Several linear methods have been studied as a forecaster of fetal well-being by measuring the interaction between the fetal sympathetic and parasympathetic nervous systems and its effects on fetal cardiovascular activity (232). As the parasympathetic nervous system is more responsible for variations in short-term variability (STV), which usually assesses the beat-to-beat differences, it might be reduced in central nervous system hypoxia/ acidosis. If hypoxia is sustained and increases in severity, it leads to the loss of long-term variability (LTV) (233), resulting in a global decrease of sympathetic and parasympathetic activity. On the other hand, it has been shown that fetal hypoxia's early effects increased short and long-term variability (234). Notwithstanding, many studies verify the weakness of STV and LTV indices in identifying fetal pathologies (235). Furthermore, with fetus maturity throughout pregnancy, an increase in fetal autonomic nervous system activity and the sympathovagal balance is expected. Moreover, motor and neurological delay, as well as damage in specific brain areas with cognitive effects, also affect the STV (236). The IUGR showed a reduction in both components of the autonomic nervous system activity, which modulates heartbeat intervals receiving inputs from the heart, the lungs, and the blood vessels (204, 209, 237).
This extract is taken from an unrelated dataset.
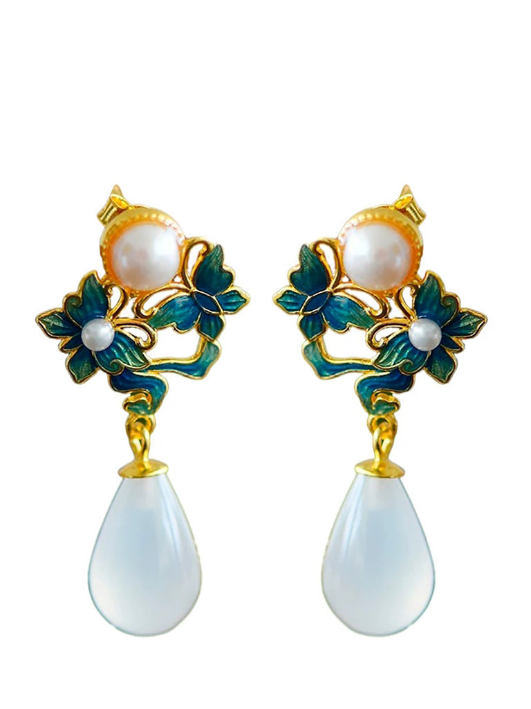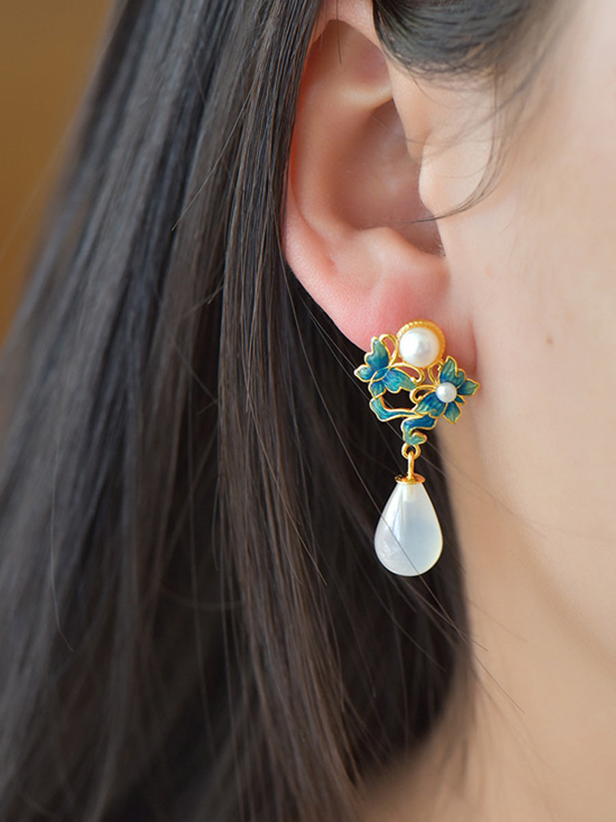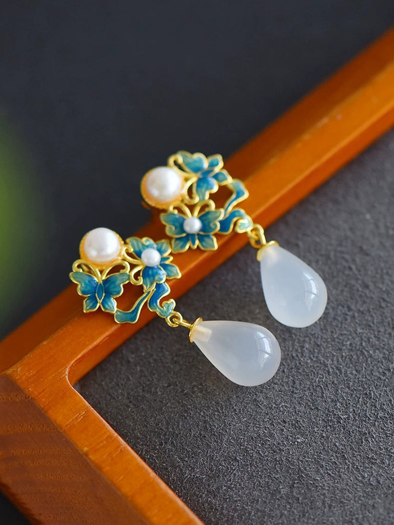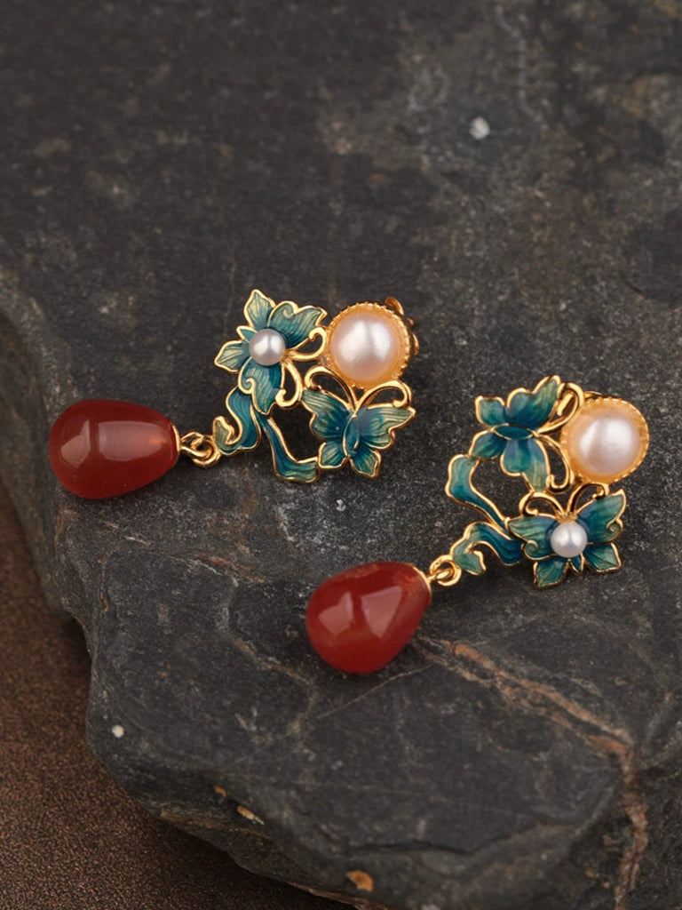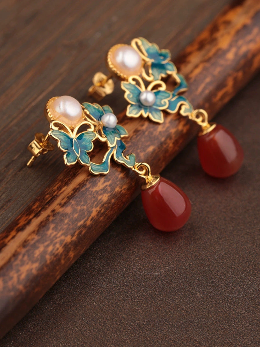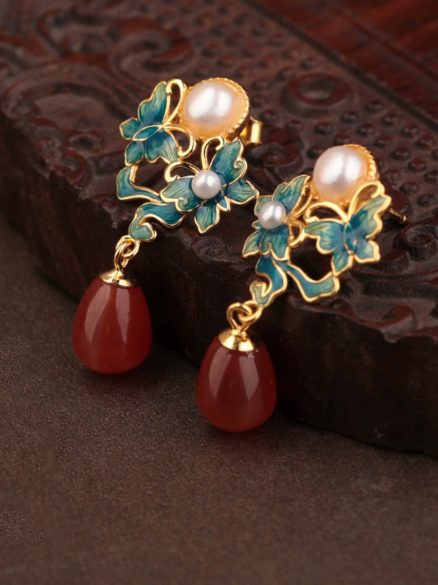 Brincos femininos étnicos com borboleta em esmalte, prata S925, pérola e ágata.

The indices presented in this review are closely related to fetal heart variability. For instance, in (199) the authors showed that the complexity indices correlate highly with abnormal STV. In (143) the authors also report correlations between the complexity indices ranging from 0.53 to 0.78. Therefore, many studies found a reduction of complexity in the fHR signal associated with hypoxia/ acidosis. However, these indices were not always able to identify fHR from IUGR fetuses (237). Contrastingly, the fractal indices are measures of long-range correlations and long-term memory of time series, therefore, applied mainly in maturation studies.

Furthermore, many of the fetal heart rate analysis methods rely upon stationarity properties like mean, variance, and correlation structure. However, it is known that these fHR properties vary in time through events like uterine contractions. One way to counter this is to select small temporal windows where this property holds. Usually, an interval of 10–20 min is considered the minimum time window to perform the analysis for tracing classification and clinical decision (231, 238). In addition, many of the described measures are parametric measures. The choice of the ideal parameter is far from established in most cases. This heterogeneity limits the possible comparison between the results of different studies. In fact, in various papers, the choice of parameters is neither discussed nor even fully described.

Factors like fetus maturation, behavioral states, and maternal conditions are critical for a good assessment of the fetus and fully understanding their influence in the fHRV is no easy task. Incorporating such variables in predictive models for fetal evaluation will elucidate the importance of individual fHRV and increase its accuracy (178). Maternal psychological conditions such as stress and anxiety influence fHR and maternal hormones transferred via placenta or changes in the oxygen and nutrition supply for the fetus (239, 240). As seen in some results, gender is also a factor that should be taken into consideration. Even when twins are considered, sex differences were found both by linear and non-linear indices (184). Although Park et al. (185) found no significant differences between fetuses with different fetal presentation using spectral and complexity measures such as Lempel-Ziv complexity, ApEn, SampEn, and CD. Gonçalves et al. (186) found differences not only using linear indices but also with non-linear and spectral ones. This example of contrasting results reflects the difficulty and complexity of the fetal assessment. In this case, and according to the authors, the discrepancy might have resulted from different inclusion criteria, conditions for fHR recording, the occurrence of maternal fasting, time interval between acquisition and delivery, and equipment used. Moreover, an interesting study comparing uterine contraction influence on fHRV features between acidemic and non-acidemic fetuses suggested that separating contractions from rest periods improves fHRV analysis in detecting asphyxia during labor (151).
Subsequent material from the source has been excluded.